◆ **Items listed in a dataset**

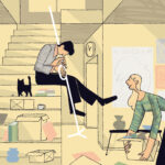 « Instinctivement, j’utilise toujours la figure humaine dans mon travail ; il est rare que je crée un paysage sans personnes ou autres sujets. L’être humain devient ainsi le protagoniste de mes œuvres, et ses émotions forment la base à partir de laquelle je construis mes histoires. À travers les protagonistes, on peut lire et deviner ce qui se passe, quelle est l’histoire, quelles sont les situations et les événements qui la caractérisent. Je pense à l’illustration pour la lampe TOBIA, où l’on voit un couple qui vient de s’installer et commence à déballer les cartons, avec la joie et l’excitation d’un nouveau foyer, utilisant la lampe comme trompette pour célébrer l’euphorie du moment. Mais cela pourrait tout aussi bien être de nouveaux achats pour la maison ; l’atmosphère est la même, et le spectateur voit ce qui résonne le plus avec sa propre expérience. »
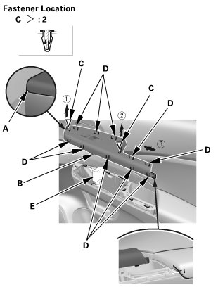 1. Carefully pry out on the notch (A) in the power window switch panel (B) with the appropriate trim tool to detach the clips (C) and the hooks (D). Disconnect the connector (E), then remove the power window switch panel.
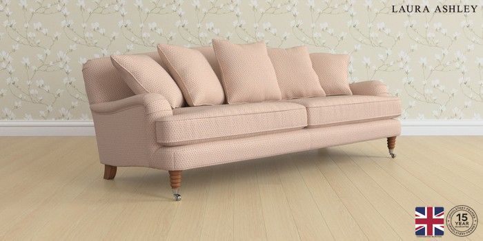 6.12.1 Buy Lynden Scatter Back by Laura Ashley 4 Seater Sofa Melbreak Geo Chalk Pink Ornate Chrome Castor - Teak from the Next UK online shop Click here to use our accessible website
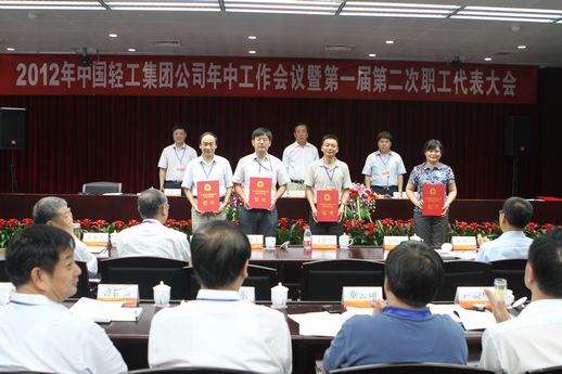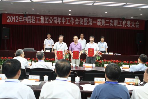 中国轻工集团公司上半年组织了2012年度科学技术奖和2012年度的科技创新基金项目的征集和评审工作。日前,科学技术奖颁奖仪式及科技创新基金项目任务合同书签订仪式在京举行,集团公司领导、集团公司各部门负责人、相关项目单位主要负责人出席了仪式。
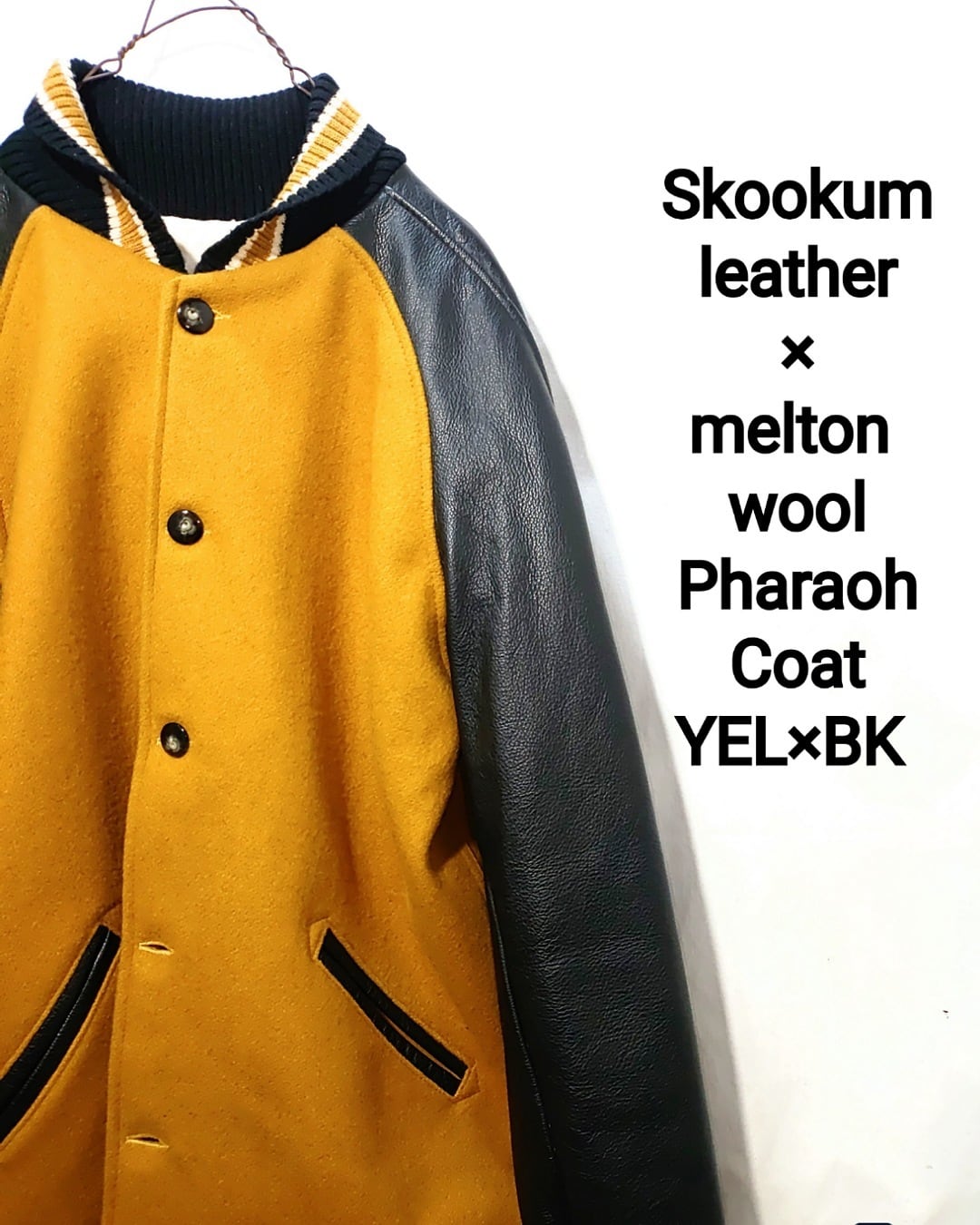 Skookum leather × melton wool pharaoh coat YEL×BK
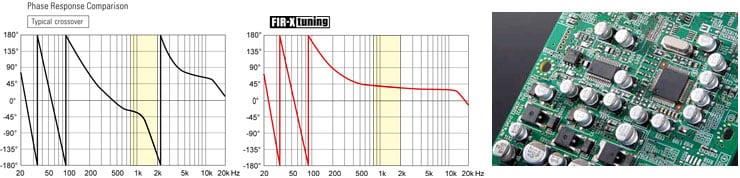 Les modèles large bande utilisent un filtre numérique de type FIR-X tuning™ qui, grâce au filtre à phase linéaire FIR, optimise la réponse en phase à la fréquence de raccordement des transducteurs de grave LF et d’aigus HF. Le résultat est évident et procure une précision et une douceur impossible à obtenir avec des filtres conventionnels. Les signaux sont traités par des DSP travaillant en 48 bits (accumulateur sur 76 bits). La conversion A/N et N/A est effectuée en 24 bits par des composants de haute précision, de rapport signal/bruit et de dynamique supérieure.
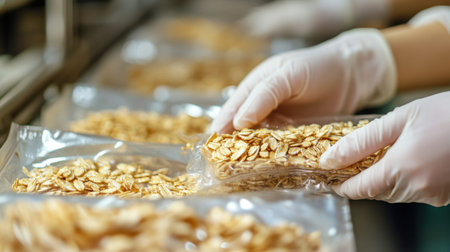 The image shows a person in white gloves carefully packing oats into transparent bags, highlighting food safety and hygiene in a production environment.
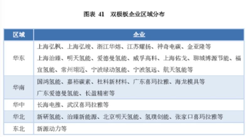 除了主營業(yè)務(wù)是雙極板的企業(yè)以外,國內(nèi)有不少電堆企業(yè)涉足雙極板領(lǐng)域,這些企業(yè)通過整合雙極板、膜電極、電堆等核心部件,打造燃料電池產(chǎn)業(yè)鏈閉環(huán)。目前國內(nèi)涉足雙極板業(yè)務(wù)的電堆企業(yè)主要有明天氫能、愛德曼、國鴻氫能、新研氫能、氫璞創(chuàng)能、新源動力等。

◆ **WORK REQUEST**
Could you transcribe exactly the entries above, but only the lines from the one with "1. Carefully pry" through the one with "6.12.1 Buy Lynden", and without pictures?

◆ **EXERCISE RESPONSE**
 1. Carefully pry out on the notch (A) in the power window switch panel (B) with the appropriate trim tool to detach the clips (C) and the hooks (D). Disconnect the connector (E), then remove the power window switch panel.
 6.12.1 Buy Lynden Scatter Back by Laura Ashley 4 Seater Sofa Melbreak Geo Chalk Pink Ornate Chrome Castor - Teak from the Next UK online shop Click here to use our accessible website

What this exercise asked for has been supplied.